To assess the impacts of potential explanatory variables (predictors) of the viral diffusion process on phylogeographic reconstructions, we made use of the recent generalized linear model (GLM) extension of Bayesian discrete phylogeographic models (27). This allows reconstruction of the spatial diffusion history throughout the tree while simultaneously evaluating the contributions of various potential predictors. Support for predictors is estimated using a BSSVS procedure, and the contribution of each predictor is quantified as a GLM coefficient that has an impact (effect size) on the transition rate among the locations.
Using this approach, we tested the following predictors (see Text S1 in the supplemental material for methodological details): (i) geographic distance (the great-circle distance between each pair of cities), (ii) passenger air traffic (the number of passengers traveling between each pair of airports), (iii) HIV population size (the total number of AIDS notifications in a period of 10 years reported in each city), (iv) HIV prevalence [(HIV population size/city population size) × 100,000 inhabitants], (v) HIV-1C population size (HIV population size times the proportion of HIV-1C as reported in the literature [4, 10–14]), (vi) HIV-1C prevalence [(HIV-1C population size/city population size) × 100,000 inhabitants], and (vii) sample size (the number of sequences by location).
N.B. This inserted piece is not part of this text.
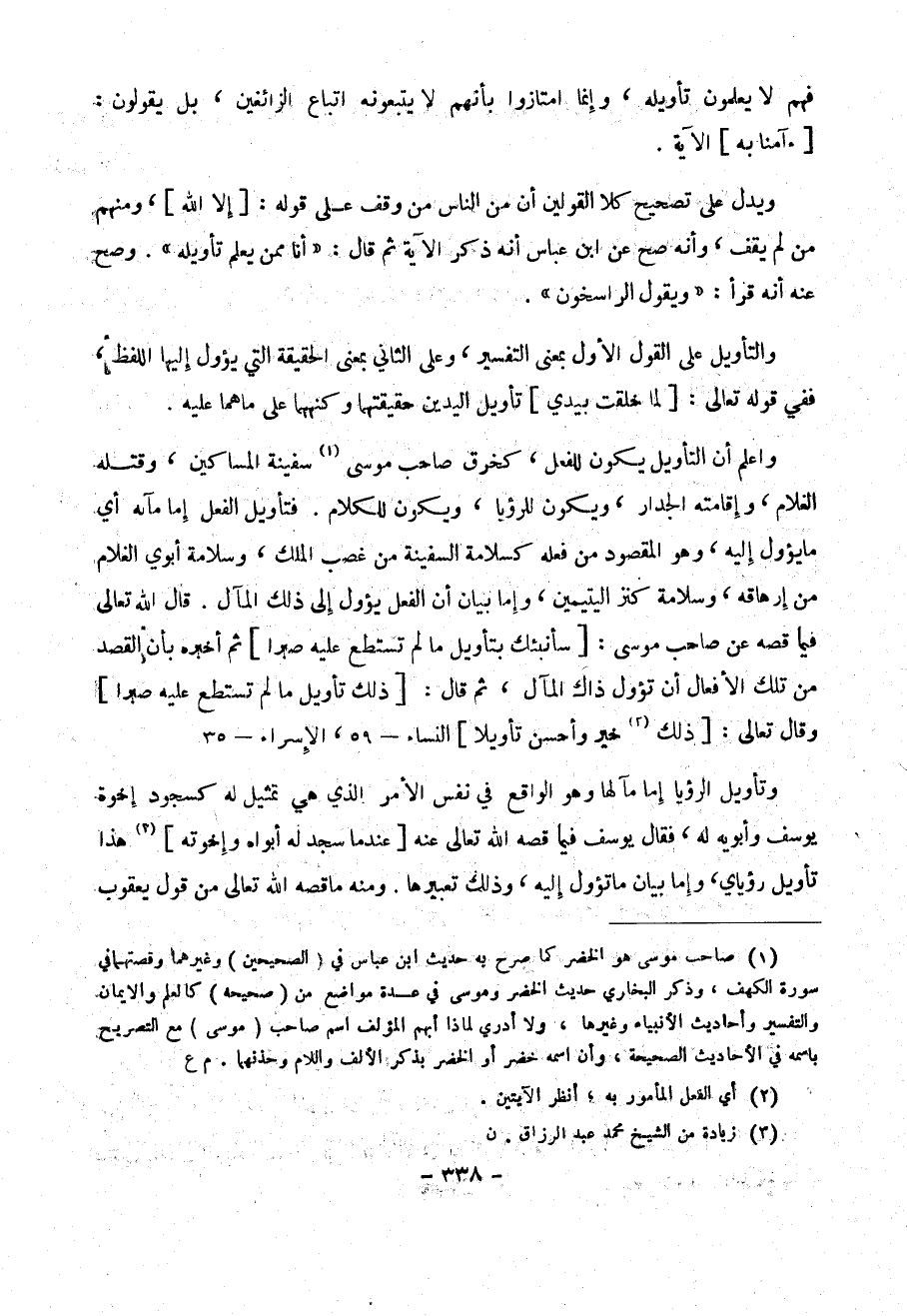 واعلم أن التأويل يكون للفعل ، كخرق صاحب موسى (1) سفينة المساكين ، وقتله الغلام وإقامته الجدار ، ويكون للرؤيا ، ويكون للكلام . فتأويل الفعل إما مآله أي ما يؤول إليه ، وهو المقصود من فعله كسلامة السفينة من غضب الملك ، وسلامة أبوي الغلام من إرهاقه ، وسلامة كنز اليتيمين ، وإما بيان أن الفعل يؤول إلى المآل . قال الله تعالى فيما قصة عن صاحب موسى : [ سَأُنَبِّئُكَ بِتَأْوِيلِ مَا لَمْ تَسْتَطِعْ عَلَيْهِ صَبْراً ] ثم أخبره بأن القصد من تلك الأفعال أن تؤول ذاك المآل ، ثم قال : [ ذَلِكَ تَأْوِيلُ مَا لَمْ تَسْطِعْ عَلَيْهِ صَبْراً ] وقال تعالى : [ ذَلِكَ (2) خَيْرٌ وَأَحْسَنُ تَأْوِيلاً ] النساء - 59 ، الإسراء- 35 .

Because not all sampling locations have an airport, we specified a different geographic partitioning for evaluating predictor 2 (passenger air traffic). This partitioning is not well suited to the epidemiological predictors, which led us to test predictor 2 in separate analyses including only sample size as an additional potential predictor.
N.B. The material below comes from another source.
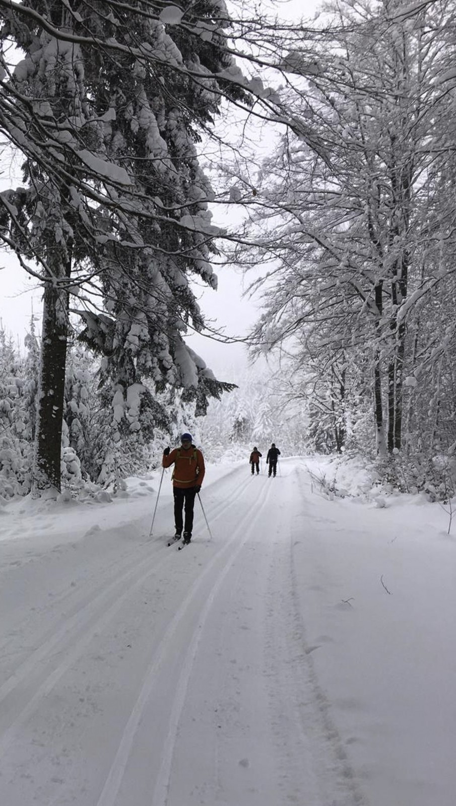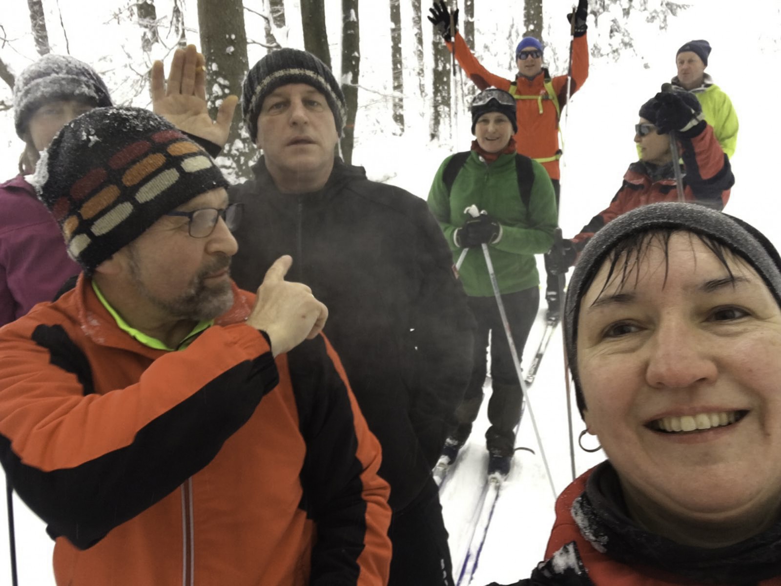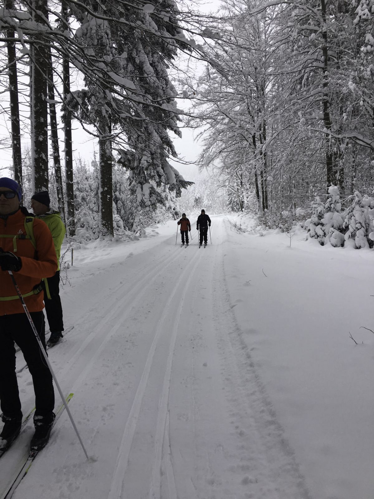 Für Samstag war weiterhin Schneefall angesagt und wir hatten uns überlegt, einen Teil der Bayerwaldloipe zu fahren. Gesagt getan, Start ist in Mauth. Also alle am Loipenstüberl vorbei zum Ausgangspunkt. Wir trafen dort auf den Loipenwart und dieser teilte uns mit, dass wir mit unserer Wunschloipe leider nicht rechnen können, da diese nicht mehr gespurt wird und erst im nächsten Jahr neu angelegt werden soll. Unser ganzer Plan leider für die Katz. Also zu Fuß nach Mauth und den Einstieg für die nächste Tour genommen. Es ging mitten durch den verschneiten Wald und dann immer weiter über einen Hügel hinauf. Wo man hinauf geht, muss man auch wieder hinunter. Etwas steiler und da gibt es dann keine Loipe mehr. Hiltzi übernahm die Führung und verschwand hinter einem Schneehügel. Auf einmal hörten wir einen Schrei und die Nachfolgenden fanden Hiltzi im Tiefschnee wieder. Nach der Abfahrt ging es gleich in den Wald und ins ungewisse hineinfahren wollte Hiltzi nicht von daher bremste er im Tiefschnee. Alles gut gegangen. Am Ende der Route (nach 12,5 km) sind wir dann an einem Sportplatzparkplatz gelandet. Leider ohne Verpflegungsmöglichkeit. Das Groh der Truppe fuhr dann zurück. Heide und Booker holten freundlicherweise, die etwas angeschlagenen von dort ab.

GLM analyses were run in BEAST using previously recommended prior specifications on the set of empirical trees obtained by the Bayesian phylogenetic analysis (27). Bayes factors (BFs) were calculated to determine the support for the inclusion of each predictor in the model, and predictor contributions are reported as effect sizes conditional on the effect being included in the model.
A phylogeographic analysis with BSSVS was performed, with asymmetric transition rates informed by the predictors supported by the GLM analysis.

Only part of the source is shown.